● **WORK TASK**
For the material below, the expected output is exactly the lines between the line holding "Vertical Professional man" and the line holding "Borboletas Coloridas (0135AM)!", inclusive, with pictures left out.

● **DATASET EXCERPTS**
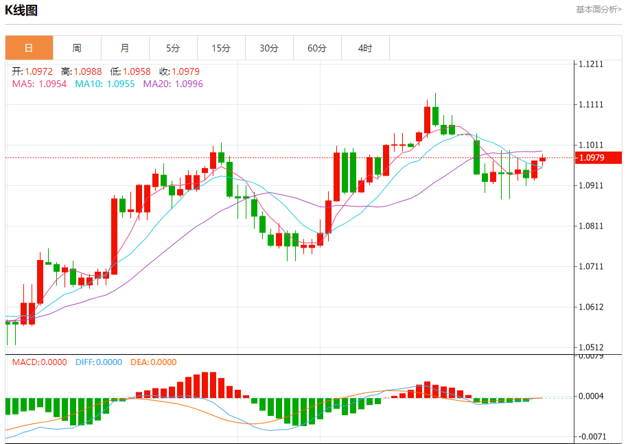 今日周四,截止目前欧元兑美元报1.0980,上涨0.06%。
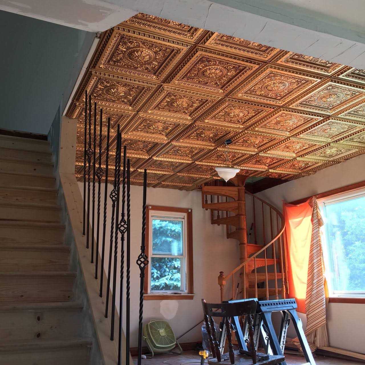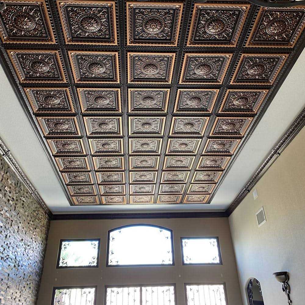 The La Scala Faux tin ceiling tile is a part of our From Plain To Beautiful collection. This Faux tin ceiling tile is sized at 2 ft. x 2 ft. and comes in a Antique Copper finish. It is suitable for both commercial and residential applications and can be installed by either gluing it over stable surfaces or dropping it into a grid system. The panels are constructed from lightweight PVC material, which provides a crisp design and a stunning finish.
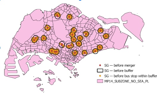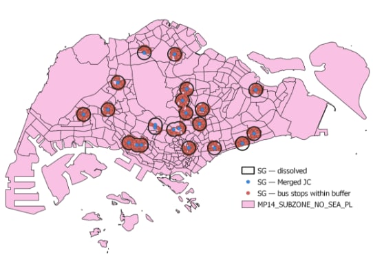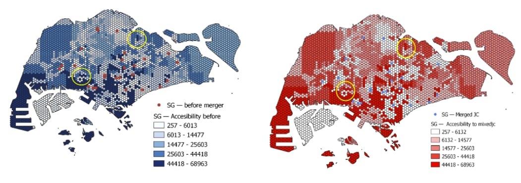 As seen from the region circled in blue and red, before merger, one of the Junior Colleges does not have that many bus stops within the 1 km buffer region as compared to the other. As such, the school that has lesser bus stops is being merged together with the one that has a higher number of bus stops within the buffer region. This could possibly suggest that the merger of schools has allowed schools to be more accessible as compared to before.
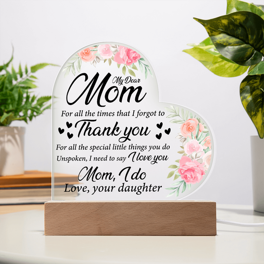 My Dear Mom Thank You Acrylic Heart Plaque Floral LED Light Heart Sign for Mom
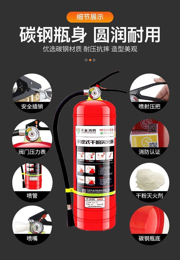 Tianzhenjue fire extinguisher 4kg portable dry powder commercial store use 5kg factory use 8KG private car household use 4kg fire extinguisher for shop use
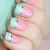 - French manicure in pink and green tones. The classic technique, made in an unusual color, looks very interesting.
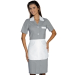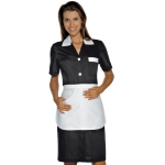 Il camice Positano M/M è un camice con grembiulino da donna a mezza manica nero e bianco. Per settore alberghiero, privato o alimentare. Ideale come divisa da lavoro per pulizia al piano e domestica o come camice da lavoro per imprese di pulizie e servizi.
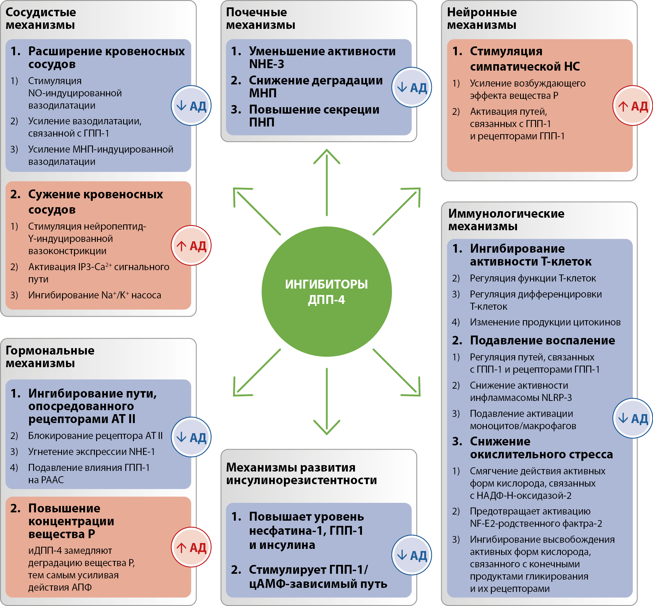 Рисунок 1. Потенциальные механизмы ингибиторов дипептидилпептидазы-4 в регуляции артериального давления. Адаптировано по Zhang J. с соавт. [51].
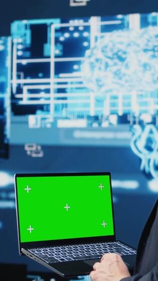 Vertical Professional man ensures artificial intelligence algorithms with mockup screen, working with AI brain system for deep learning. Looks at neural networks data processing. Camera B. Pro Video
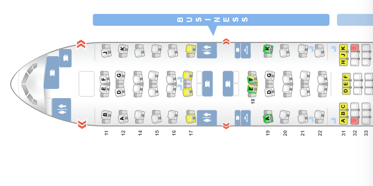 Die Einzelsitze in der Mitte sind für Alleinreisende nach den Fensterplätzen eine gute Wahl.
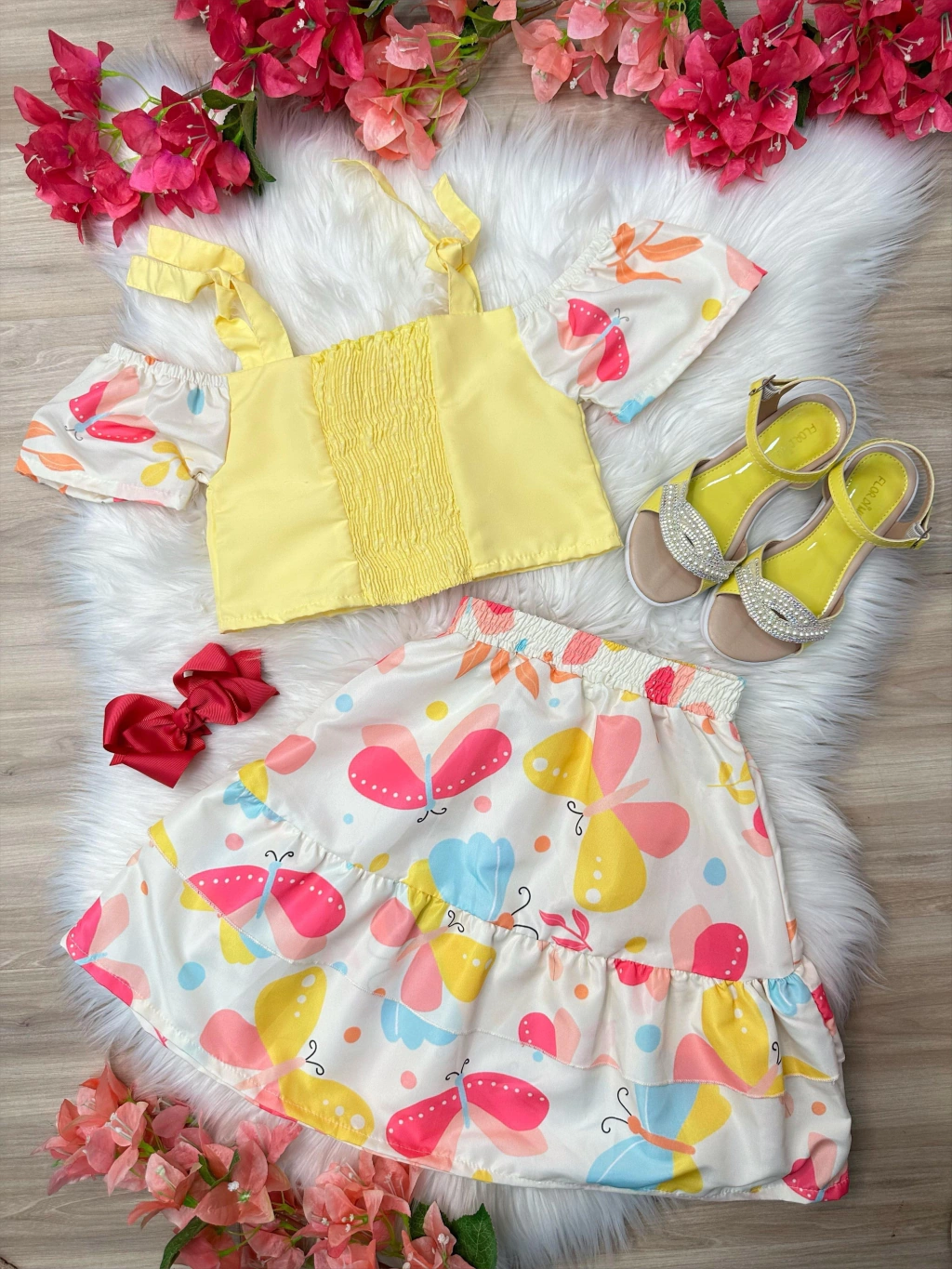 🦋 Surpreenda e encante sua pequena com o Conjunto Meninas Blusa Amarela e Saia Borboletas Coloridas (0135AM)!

...

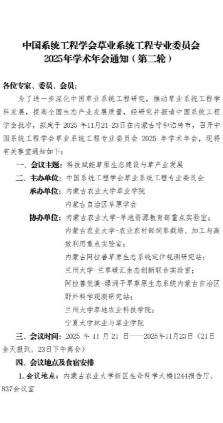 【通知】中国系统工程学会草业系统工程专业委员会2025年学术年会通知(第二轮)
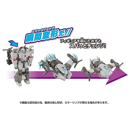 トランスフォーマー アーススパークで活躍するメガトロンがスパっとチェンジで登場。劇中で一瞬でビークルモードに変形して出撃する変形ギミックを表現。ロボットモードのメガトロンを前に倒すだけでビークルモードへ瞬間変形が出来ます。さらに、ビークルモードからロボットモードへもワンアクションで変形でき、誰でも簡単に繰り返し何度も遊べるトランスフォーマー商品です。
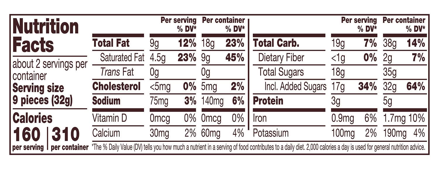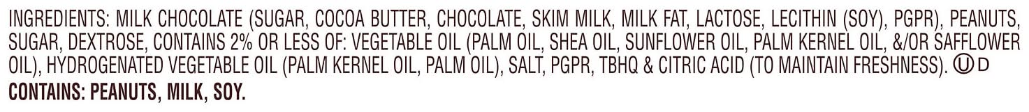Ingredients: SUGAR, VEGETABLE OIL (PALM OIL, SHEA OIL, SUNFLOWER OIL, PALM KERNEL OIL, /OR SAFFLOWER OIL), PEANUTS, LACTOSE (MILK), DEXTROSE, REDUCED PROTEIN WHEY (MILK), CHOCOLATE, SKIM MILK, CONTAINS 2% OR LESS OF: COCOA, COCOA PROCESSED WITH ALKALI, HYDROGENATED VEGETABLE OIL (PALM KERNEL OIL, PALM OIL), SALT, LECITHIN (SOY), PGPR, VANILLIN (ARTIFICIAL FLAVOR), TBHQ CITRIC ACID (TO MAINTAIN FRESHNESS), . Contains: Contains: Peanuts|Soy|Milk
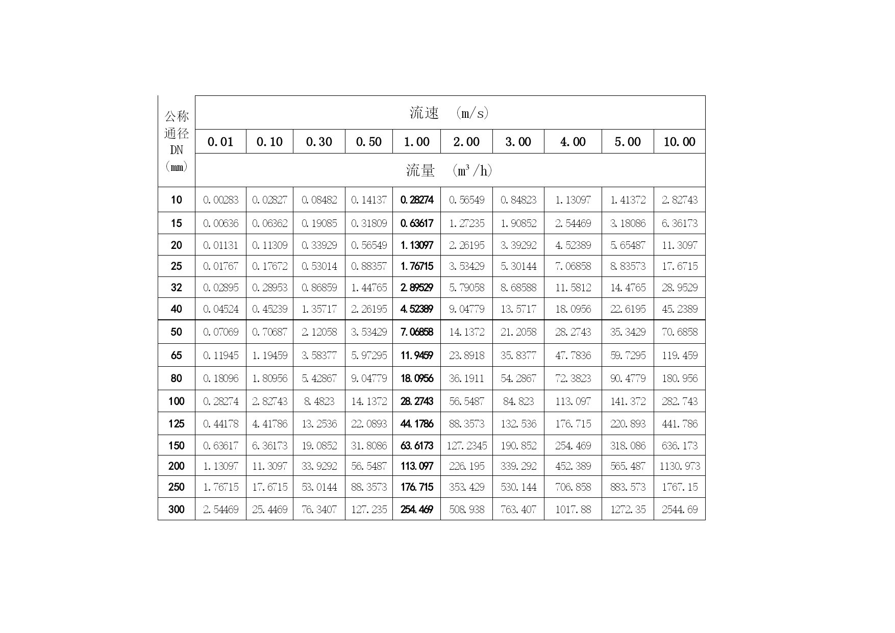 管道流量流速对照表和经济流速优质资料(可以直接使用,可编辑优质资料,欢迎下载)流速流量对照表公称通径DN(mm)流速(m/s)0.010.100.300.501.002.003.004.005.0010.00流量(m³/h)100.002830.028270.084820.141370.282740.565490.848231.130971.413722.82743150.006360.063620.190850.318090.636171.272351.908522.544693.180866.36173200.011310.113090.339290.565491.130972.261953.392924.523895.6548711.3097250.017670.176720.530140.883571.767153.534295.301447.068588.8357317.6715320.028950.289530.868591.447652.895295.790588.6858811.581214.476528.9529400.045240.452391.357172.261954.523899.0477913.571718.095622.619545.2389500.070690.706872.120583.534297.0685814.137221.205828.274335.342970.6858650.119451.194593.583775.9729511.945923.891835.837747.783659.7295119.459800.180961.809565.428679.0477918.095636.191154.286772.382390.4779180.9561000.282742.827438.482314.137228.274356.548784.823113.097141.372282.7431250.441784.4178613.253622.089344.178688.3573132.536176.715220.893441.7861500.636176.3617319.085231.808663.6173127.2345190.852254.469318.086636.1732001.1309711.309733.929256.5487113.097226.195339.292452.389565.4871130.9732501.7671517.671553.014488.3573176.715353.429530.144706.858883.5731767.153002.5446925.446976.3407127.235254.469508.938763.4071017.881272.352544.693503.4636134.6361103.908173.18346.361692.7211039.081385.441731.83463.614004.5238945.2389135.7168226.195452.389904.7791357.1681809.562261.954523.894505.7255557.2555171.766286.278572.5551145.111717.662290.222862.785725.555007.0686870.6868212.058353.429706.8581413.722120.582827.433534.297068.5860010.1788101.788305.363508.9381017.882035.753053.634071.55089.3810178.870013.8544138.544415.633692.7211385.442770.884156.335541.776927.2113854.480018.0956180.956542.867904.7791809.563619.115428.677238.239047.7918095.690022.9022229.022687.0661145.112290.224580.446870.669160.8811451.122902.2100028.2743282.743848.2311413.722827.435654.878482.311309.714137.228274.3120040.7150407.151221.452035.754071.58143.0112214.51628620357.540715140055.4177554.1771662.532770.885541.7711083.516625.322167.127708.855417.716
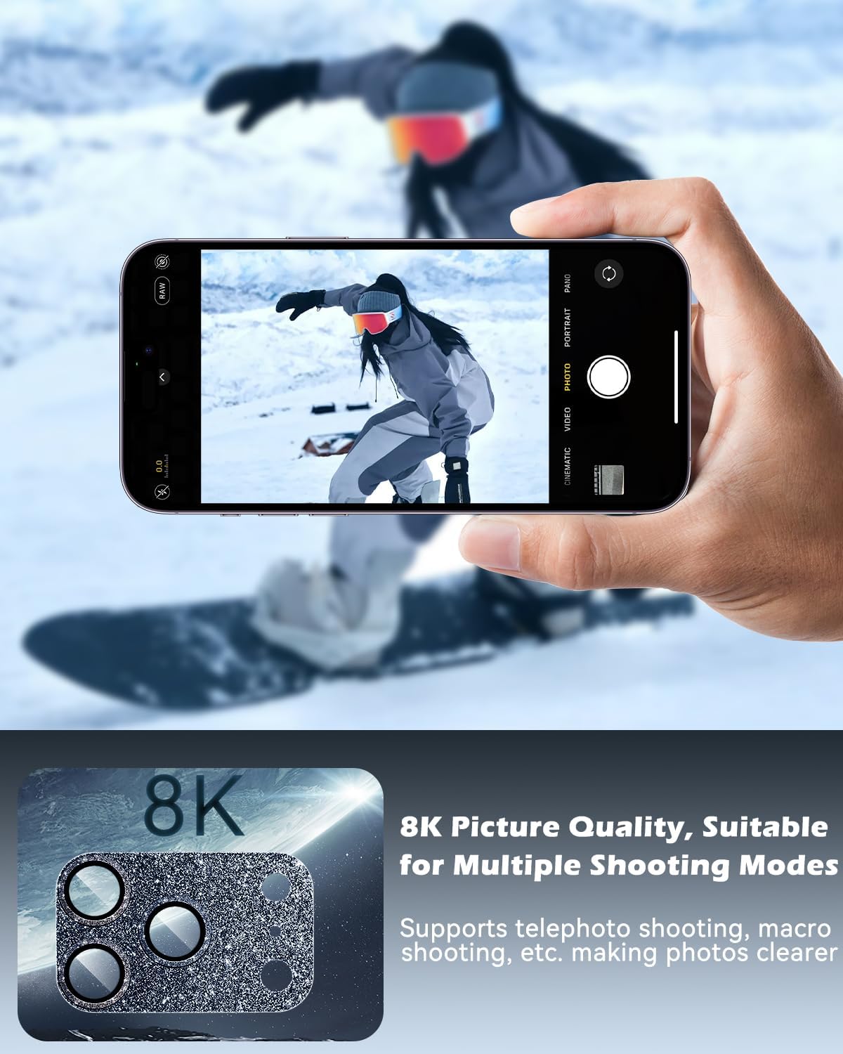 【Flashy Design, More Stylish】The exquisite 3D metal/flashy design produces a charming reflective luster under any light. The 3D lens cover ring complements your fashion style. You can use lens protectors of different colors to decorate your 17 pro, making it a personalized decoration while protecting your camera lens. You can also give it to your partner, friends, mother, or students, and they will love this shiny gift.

● **SOLUTION TO THE PROBLEM**
 Vertical Professional man ensures artificial intelligence algorithms with mockup screen, working with AI brain system for deep learning. Looks at neural networks data processing. Camera B. Pro Video
 Die Einzelsitze in der Mitte sind für Alleinreisende nach den Fensterplätzen eine gute Wahl.
 🦋 Surpreenda e encante sua pequena com o Conjunto Meninas Blusa Amarela e Saia Borboletas Coloridas (0135AM)!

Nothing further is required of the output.